Easy Vegan Pumpkin Bean Chili Recipe


Take a break from your pumpkin carving to enjoy this hearty chili. Adzuki beans originate in East Asia and the Himalayas are nutrient packed source of fiber and protein that are said to have a warming effect on the body – perfect for the autumn and winter months. Enjoy with a dollop of vegan sour cream (vegan mayo and lemon juice), a sprinkle of toasted pumpkin seeds and garnish with a sprig of cilantro.

6 cups
1 tablespoon cup Natural Grocers coconut oil
1 cup diced yellow onion
5 organic garlic cloves, pressed or minced
8 ounces soy tempeh, finely chopped
1 (15-ounce) can adzuki beans, or 1 ½ cups cooked
1 (15-ounce) can Natural Grocers Organic Fire Roasted Tomatoes, or 1 ½ cups diced fresh tomatoes
1 teaspoon chili powder
1⁄4 teaspoon chipotle chile powder
1⁄2 teaspoon ground cumin
1 cup water, or vegetable stock
1⁄2 cup Natural Grocers Organic Canned Pumpkin, or 1 ½ cups roasted and cubed pumpkin
2 tablespoons freshly squeezed lime juice
1⁄2 teaspoon sea salt, or to taste
1 tablespoon wheat-free tamari
2 tablespoons minced cilantro
  1. Add the coconut oil to a medium-sized pot set over medium-high heat. When the coconut oil has melted and is hot, add the onion and cook for 3 minutes, stirring occasionally. Add the garlic and tempeh and cook for another 3 minutes, stirring frequently. Reduce heat to medium.

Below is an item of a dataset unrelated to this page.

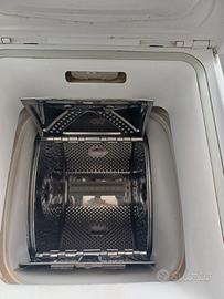 Specifiche Tecniche Capacità: 6 kg, adatta a 2-3 persone o bucati piccoli. Centrifuga: 1000 giri/min (classe C), rumorosità 76 dB centrifuga / 60 dB lavaggio. Classe energetica: A+ (vecchia scala, equivalente F nuova UE; 0.9 kWh/ciclo, 55 L acqua). Funzionalità Principali Pulsanti per lavaggio a freddo, prelavaggio turbo e turbo lavaggio; 6 sensi (sensori auto per carico/detergente). Programmi eco/rapido, partenza differita, Aquastop, controllo schiuma. Dimensioni slim: 40x60x90 cm, ideale per spazi ristretti. Buono stato, una molla della chiusura dall'alto lenta non spedisco, trattabile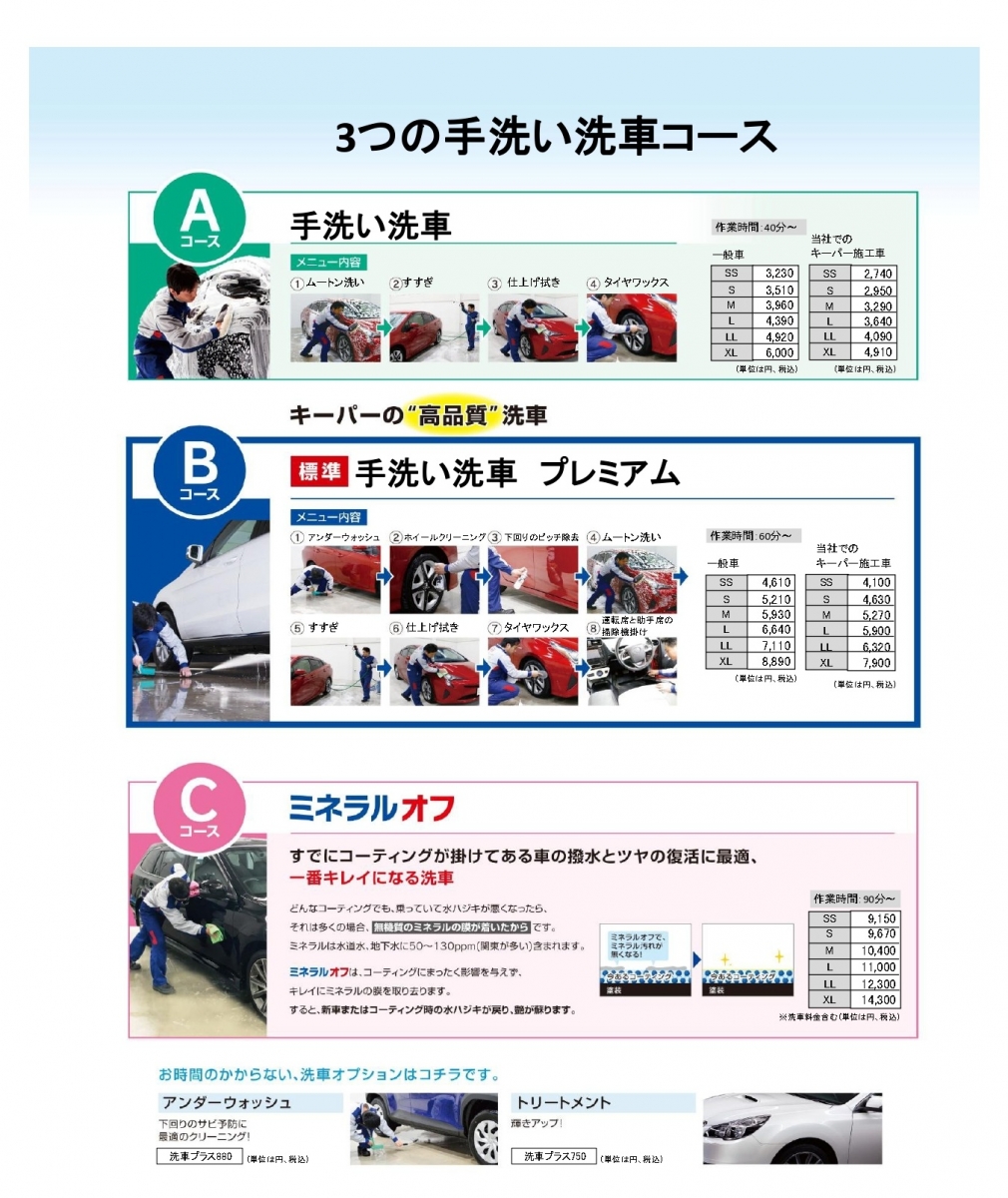 【A6】コーティングを施工した車は、基本的に汚れが付きにくくなっていますので、面倒なお手入れの必要はありませんが、コーティング施工後に、簡単なお手入れ方法について、ご説明させて頂きます。 詳細は店舗までお問合せください。

  2. Add the adzuki beans, fire roasted tomatoes, chili powder, chipotle powder, and cumin, and cook for 15 minutes, stirring occasionally. Add the water or stock, pumpkin, lime juice, salt, and tamari, and stir to combine. Cook for 5 minutes. Add the cilantro and stir well before serving.


To roast the pumpkin, preheat an oven to 400°F. Carefully slice the pumpkin into halves or quarters and remove the seeds. Place on a baking sheet with approximately ½-inch of water. Roast until just tender, approximately 35 minutes, depending on the size of the pumpkin. Do not overcook. Allow to cool and scoop out the flesh. Cut into ½-inch pieces for use in this recipe. You can also substitute the pumpkin with squash such as butternut, buttercup, or kabocha.

Method 2: Instead of roasting the pumpkin, you can peel and chop the pumpkin into 1-inch cubes. Add along with the tempeh, and cook for an additional 20 minutes.